Training Order Matters More Than You Think

When you train a neural network, the order of training examples matters more than we'd like to admit. A recent analysis treats each training example as a vector field and computes their Lie brackets, a mathematical tool that measures how much swapping two examples changes where your parameters end up. The result is an O(ε²) difference that's normally invisible but structurally real.
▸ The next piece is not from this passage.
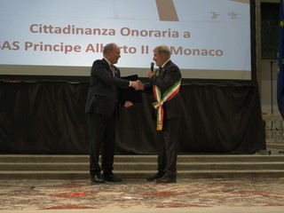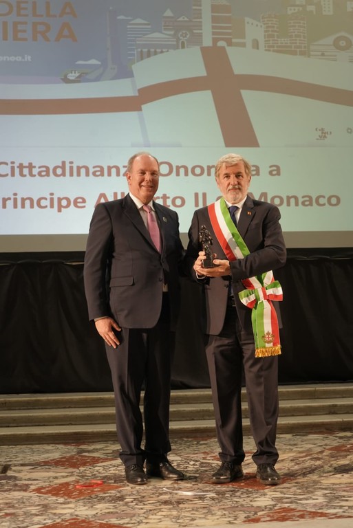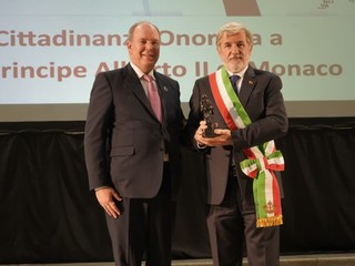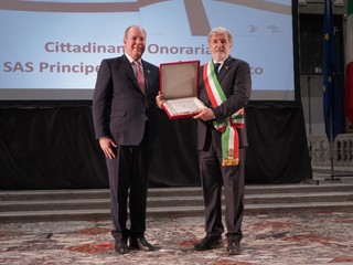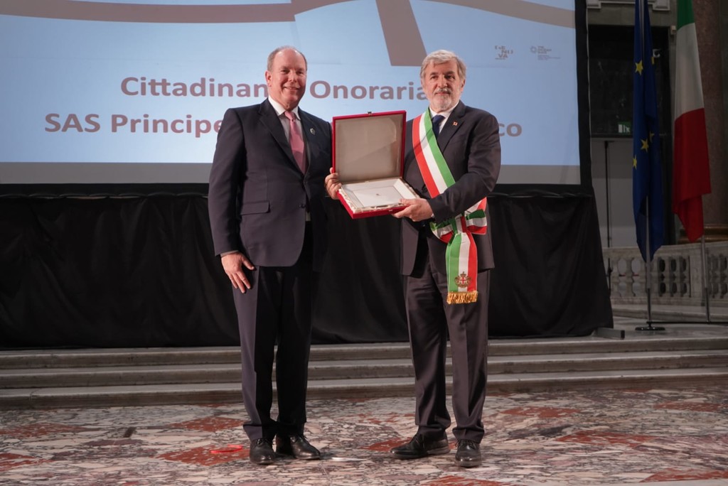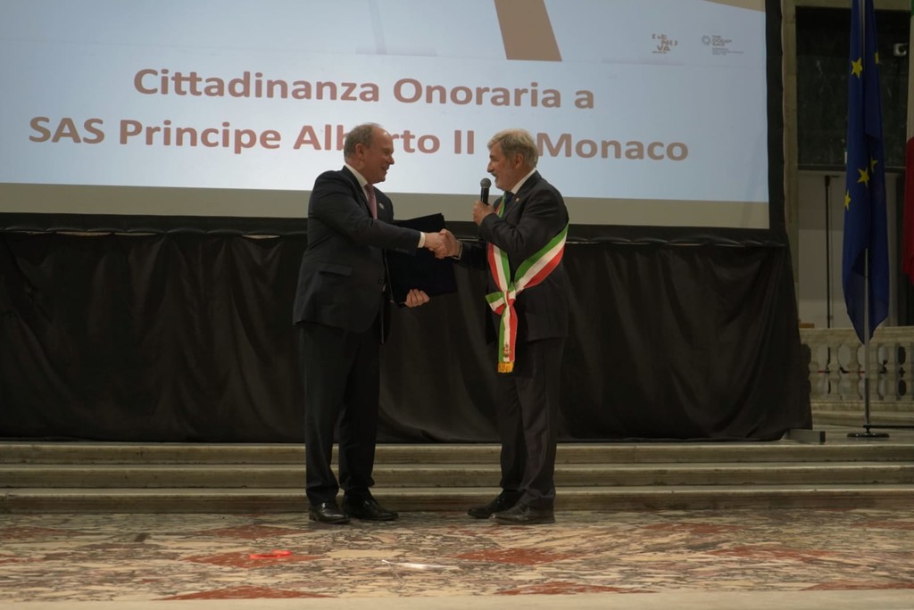 Conferita oggi dal sindaco di Genova Marco Bucci, durante le celebrazioni della Festa della Bandiera e di San Giorgio a Palazzo Ducale, la cittadinanza onoraria al Principe Alberto II di Monaco. Il Principe ha ricevuto in dono dal primo cittadino la statuetta raffigurante François Grimaldi "la Malizia", l'antenato Genovese dei Grimaldi che ha fondato la dinastia dei Grimaldi di Monaco.

The experiment ran an MXResNet on CelebA's 40 binary attributes with Adam. At various checkpoints, the author computed Lie brackets between test examples and found something clean: bracket magnitudes track gradient magnitudes with tight correlation. Bigger gradients mean bigger non-commutativity. The math works out such that the non-commutativity of example pairs is mostly separate from which parameter tensor you're looking at.

Two features kept showing up as problematic: Black_Hair and Brown_Hair. They're mutually exclusive in CelebA, but the model predicts each independently. When uncertain between the two (lighting makes this common), the model can't express a proper 50-50 split between valid combinations. It's forced to predict 25% for all four combos, including the impossible one where both are true. The Lie brackets caught this loss function inadequacy by showing large logit perturbations for these features past checkpoint 600.

This extends Baptiste Dherin's 2023 work at Google DeepMind connecting Lie brackets to implicit biases in SGD optimization. The potential application is diagnostic. High non-commutativity in certain features during training signals your problem setup has issues. Some community discussion suggested batch filtering strategies based on this measurement, though that remains speculative.